Sun Yixian withdrew to southern China, where he devoted the final decade of his life to reunifying the nation and restoring republican government. To achieve this Sun formed his own political party, the Guomindang; forced an alliance with communists in the Soviet Union, and organised a military academy and a nationalist army. When Sun died prematurely in 1925, power fell into the hands of Jiang Jieshi (Wade-Giles: Chiang Kai-shek), who had been Sun’s military strongman rather than a political protege. Jiang finally achieved the reunification of China in 1927, after which he turned on the Guomindang’s former ally, the Chinese Communist Party (CCP). For the next decade Jiang, the self-styled generalissimo, forged his paternalistic vision for a new republican China – while trying in vain to eradicate the CCP. In 1934 Jiang’s forces chased the CCP and its Red Army out of their southern base in Jiangxi, forcing them to undertake the famous Long March north to Shaanxi. Even as China was being menaced and then invaded by the Japanese in the mid-1930s, more of Jiang’s attention was on ridding China of communists. Jiang’s focus was only shifted by his kidnapping in 1936, during which he was persuaded of the necessity for another Guomindang-CCP alliance. This fragile Second United Front, as it became known, lasted until the Japanese surrender in 1945. With control of China up for grabs, the Guomindang and the communists soon fell into another civil war. In 1949 Mao Zedong (Wade-Giles: Mao Tse-tung) and the CCP emerged victorious, declaring the formation of the People’s Republic of China; Jiang Jieshi and his cohort fled to the island province of Taiwan, still claiming to be the rightful rulers of China.

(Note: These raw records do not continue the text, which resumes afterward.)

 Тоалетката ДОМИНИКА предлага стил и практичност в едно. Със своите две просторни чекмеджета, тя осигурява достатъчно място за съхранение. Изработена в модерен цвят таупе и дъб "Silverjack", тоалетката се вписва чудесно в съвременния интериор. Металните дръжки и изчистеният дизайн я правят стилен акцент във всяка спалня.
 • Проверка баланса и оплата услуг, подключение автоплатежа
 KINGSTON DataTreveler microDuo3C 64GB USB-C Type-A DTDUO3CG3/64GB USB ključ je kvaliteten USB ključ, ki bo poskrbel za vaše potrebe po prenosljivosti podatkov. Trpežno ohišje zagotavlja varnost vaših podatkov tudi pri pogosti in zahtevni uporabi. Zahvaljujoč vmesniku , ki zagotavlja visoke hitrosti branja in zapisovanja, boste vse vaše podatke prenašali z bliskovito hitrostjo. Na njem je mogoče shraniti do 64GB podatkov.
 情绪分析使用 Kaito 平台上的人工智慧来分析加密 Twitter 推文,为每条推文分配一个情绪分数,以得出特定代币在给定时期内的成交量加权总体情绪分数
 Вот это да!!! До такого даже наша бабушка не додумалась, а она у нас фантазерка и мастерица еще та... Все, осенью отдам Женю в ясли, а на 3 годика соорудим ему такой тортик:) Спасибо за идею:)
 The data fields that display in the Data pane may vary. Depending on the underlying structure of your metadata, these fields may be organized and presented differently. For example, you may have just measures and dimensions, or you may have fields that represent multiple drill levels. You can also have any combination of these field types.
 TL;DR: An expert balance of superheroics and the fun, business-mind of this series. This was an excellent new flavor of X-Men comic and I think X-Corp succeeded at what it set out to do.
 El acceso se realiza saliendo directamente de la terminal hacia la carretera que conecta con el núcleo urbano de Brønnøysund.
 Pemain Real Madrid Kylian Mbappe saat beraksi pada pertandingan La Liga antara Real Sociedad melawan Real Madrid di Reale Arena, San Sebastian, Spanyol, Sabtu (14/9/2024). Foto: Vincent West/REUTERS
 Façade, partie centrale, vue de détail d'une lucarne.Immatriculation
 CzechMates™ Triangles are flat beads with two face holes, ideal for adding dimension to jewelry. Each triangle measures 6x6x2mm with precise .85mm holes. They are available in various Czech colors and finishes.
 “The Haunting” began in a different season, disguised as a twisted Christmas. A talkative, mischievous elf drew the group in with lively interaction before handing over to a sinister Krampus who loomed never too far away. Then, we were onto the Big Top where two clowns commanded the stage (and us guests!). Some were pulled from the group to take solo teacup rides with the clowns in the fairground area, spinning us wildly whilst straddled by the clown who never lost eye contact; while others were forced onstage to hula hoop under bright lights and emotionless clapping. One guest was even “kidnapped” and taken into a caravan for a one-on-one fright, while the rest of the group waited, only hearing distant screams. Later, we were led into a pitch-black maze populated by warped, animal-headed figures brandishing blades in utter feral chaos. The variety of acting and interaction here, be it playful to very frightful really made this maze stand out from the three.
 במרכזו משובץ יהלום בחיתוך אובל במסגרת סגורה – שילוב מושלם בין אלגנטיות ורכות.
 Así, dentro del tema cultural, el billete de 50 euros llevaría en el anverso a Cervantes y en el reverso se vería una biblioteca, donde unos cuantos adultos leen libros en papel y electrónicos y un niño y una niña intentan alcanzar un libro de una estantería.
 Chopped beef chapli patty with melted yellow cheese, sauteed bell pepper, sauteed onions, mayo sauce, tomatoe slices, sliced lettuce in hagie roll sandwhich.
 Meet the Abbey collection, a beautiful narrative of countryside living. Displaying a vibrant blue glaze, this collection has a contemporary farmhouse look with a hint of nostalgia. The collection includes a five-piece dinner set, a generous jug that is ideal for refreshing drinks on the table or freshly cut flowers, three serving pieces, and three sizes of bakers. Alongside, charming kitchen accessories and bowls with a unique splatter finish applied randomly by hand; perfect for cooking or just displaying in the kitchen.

From this point, the fate of China is inextricably linked with CCP leader and figurehead Mao Zedong. Mao had been the hero of the communist revolution – but his leadership of the new society was much less successful than his career as a revolutionary. Mao’s attempt at a ‘Great Leap Forward’ – radical reforms to agriculture and industry, to facilitate China’s ‘catching up’ to the West – were ambitious, naive and ultimately disastrous. His economic policies achieved negligible outcomes and contributed to one of the worst famines in human history. Few political leaders could have survived this catastrophe – but Mao, for all his economic naivety, was a political genius. Cunning and manipulative, Mao was able to exploit party factionalism, isolate and exclude opponents, and disassociate himself from disaster. For a time Mao fell out of favour with the CCP hierarchy, though he never relinquished his grip on the reins of power. In 1966 Mao and his acolytes initiated the Great Proletarian Cultural Revolution. On the surface it was a campaign to purify the revolution and its goals; in reality it was a campaign to restore and reinvigorate Mao’s authority by harnessing the enthusiasm of young communist Red Guards. The Cultural Revolution cemented Mao into power; he became the centre of an intense personality cult rivalling that of Soviet dictator Joseph Stalin. Mao, his ideology and his legacy became sacrosanct: to question or criticise them was to risk denunciation, persecution, re-education or even death at the hands of followers. Only Mao’s death in 1976 freed China from this bizarre frenzy of adulation, loyalty, mass obedience and mob rule.